Over 8 in 10 male students (81%) and female students (84%) say using violence to stop a speech or event on campus is “never” acceptable, compared to 67% of non-binary students. 

Racial/ethnic differences are present, but not that pronounced. More than 8 in 10 white students (84%) say it is “never” acceptable to use violence to stop a speech or event on campus. Roughly 8 in 10 Hispanic/Latino students (80%) also say this. The percentages of black students (76%) and Asian students (77%) who say such behavior is “never” acceptable are slightly lower. 

Yet as with the other three questions about protest behavior, stark partisan differences are prevalent. Overall, 78% of liberal students say it is “never” acceptable to use violence to stop a speech or event on campus. This compares to 85% of moderate students who say such behavior is “never” acceptable, and 88% of conservative students. 

As with the other questions, when looking at all seven points on the ideological spectrum students used to identify their political leaning, we find that students who identify as “extremely liberal” are responsible for a substantial amount of the difference between liberal students and their moderate and conservative counterparts. Among “extremely liberal” students, 13% of them say that it is “always” (3%) or “sometimes” (10%) acceptable to use violence to stop a speech or campus event. Yet among “liberal” and “slightly liberal” students the percentage finding the behavior “always” or “sometimes” acceptable falls precipitously to 4%. Among conservative students, 3% of “slightly conservative” and “conservative” students consider using violence “always” or “sometimes” an acceptable form of protest behavior.

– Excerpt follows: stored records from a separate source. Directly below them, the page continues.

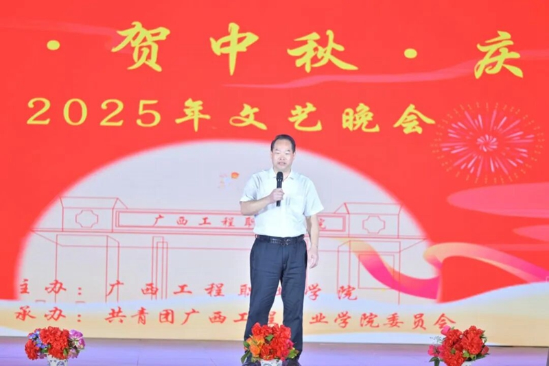 黨委書記、政府督導(dǎo)專員蒙本曼宣布2025 年廣西工程職業(yè)學(xué)院 “迎新生?賀中秋?慶國(guó)慶” 文藝晚會(huì)正式開始。
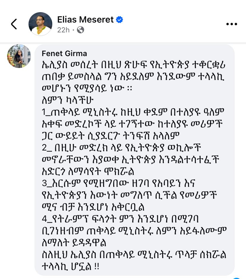 በዓለም የኢኮኖሚ ፎረም የኢትዮጵያ ተሳትፎ እና እውነታን በዚሁ ከላይ ባሰፈርኩት መነሻ ለማየት ያነሳሳኝም በተለይ ራሱን የ “Fact Checkers” ፊት አውራሪው አድርጎ የሾመው አቶ ኤሊያስ መሰረት የሞነጫጨረው የሽንፈቱ ኑዛዜ ነው።
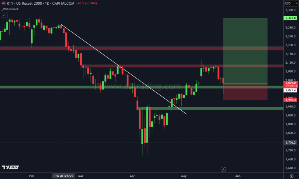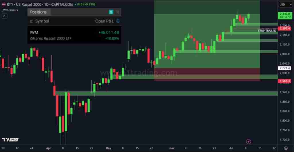 In one of his most successful trades of the year so far, Nick capitalized on a major breakout in the Russell 2000 (US2000) index, driven by a combination of macroeconomic shifts and well-timed entries. Let’s break down the trade, the reasoning behind it, and how Nick managed it with a professional trailing stop strategy.

However, this number doubled to 6% when considering only “extremely conservative” students. 

Conclusions

There are clear differences between student groups over the acceptability of different kinds of protest behavior. The most prominent differences were partisan. “Liberal” students, and in particular the “extremely liberal” students, found each kind of protest behavior more acceptable than their moderate and conservative counterparts. In particular, compared to their “slightly liberal” and “liberal” counterparts, the“extremely liberal” students surveyed are far more supportive of each form of protest behavior, especially the more violent forms of protest we asked about (blocking entry to an event; using violence to stop a speaker or event). 

Male students tended to be less supportive of each form of protest, with the exception of the use of violence, compared to female or non-binary students. Female and male students did not differ much on the acceptability of the use of violence. Of note, for each form of protest, more non-binary students find them “always” or “sometimes” acceptable than male or female students. For instance, 33% non-binary students say the use of violence is “always,”  “sometimes,” or “rarely” acceptable compared to 19% of male students and 16% of female students. 

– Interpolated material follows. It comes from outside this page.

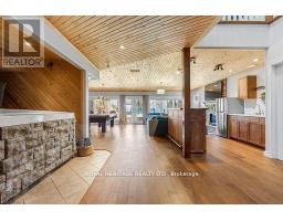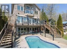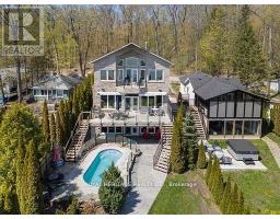 Sometimes Dreams Do Come True! Discover the ultimate lakefront lifestyle on the highly sought-after western shores of Pigeon Lake. This custom-built, year-round masterpiece offers 3 spacious bedrooms and 3 luxurious bathrooms, blending refined elegance with everyday comfort. Step into a grand foyer with double closets, leading into a stunning great room featuring cathedral ceilings, a cozy fireplace, and expansive windows framing breathtaking views of the lake. The gourmet kitchen is truly a chef's dream, complete with a massive island, dual sinks, wine cooler, and panoramic sight lines to the water. Upstairs, the private loft-style primary suite offers a balcony overlooking the lake, a spa-like ensuite, laundry area, fireplace, and dramatic vaulted ceilings a true retreat. The lower level is an entertainer's paradise, featuring a hot tub, sauna, wet bar, and inviting fireplace, with a walkout to a wade-in pool all just steps from your own private sandy beach. Included on the property is a charming bunkie, complete with its own fireplace, 3-piece bathroom, and outdoor shower perfect for weekend guests. Don't miss this rare opportunity to own a one-of-a-kind lakeside home or potential short-term rental income. with exceptional amenities and unforgettable views. (id:47351)

When it comes to racial/ethnic differences, they are not as stark. White students tend to be less accepting of each form of protest behavior. Hispanic/Latino students look fairly similar to their white counterparts, while black and Asian students appear to be somewhat more accepting of the different kinds of protest behavior we asked about. 

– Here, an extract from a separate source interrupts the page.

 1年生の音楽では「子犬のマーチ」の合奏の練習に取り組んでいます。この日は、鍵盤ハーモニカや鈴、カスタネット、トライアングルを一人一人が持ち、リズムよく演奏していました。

Overall, there are encouraging and worrying signs in the responses to these survey questions. It certainly is a good thing that a vast majority of students find the use of violence to stop a speech or event on campus “never” acceptable. Yet, as noted above, slightly fewer than 1 in 5 do consider the use of violence acceptable. Given the number of college students enrolled across the country, this is a startlingly high percentage. Furthermore, the percentage of students who find the removal of flyers and advertisements or the shouting down of a speaker on campus as acceptable to some degree are both fairly high at around 70%. Such figures are concerning, even if a notable portion of the students are saying such behaviors are “rarely” acceptable, because they suggest that among current college students there is a fair degree of hostility towards the expression of controversial or unpopular viewpoints.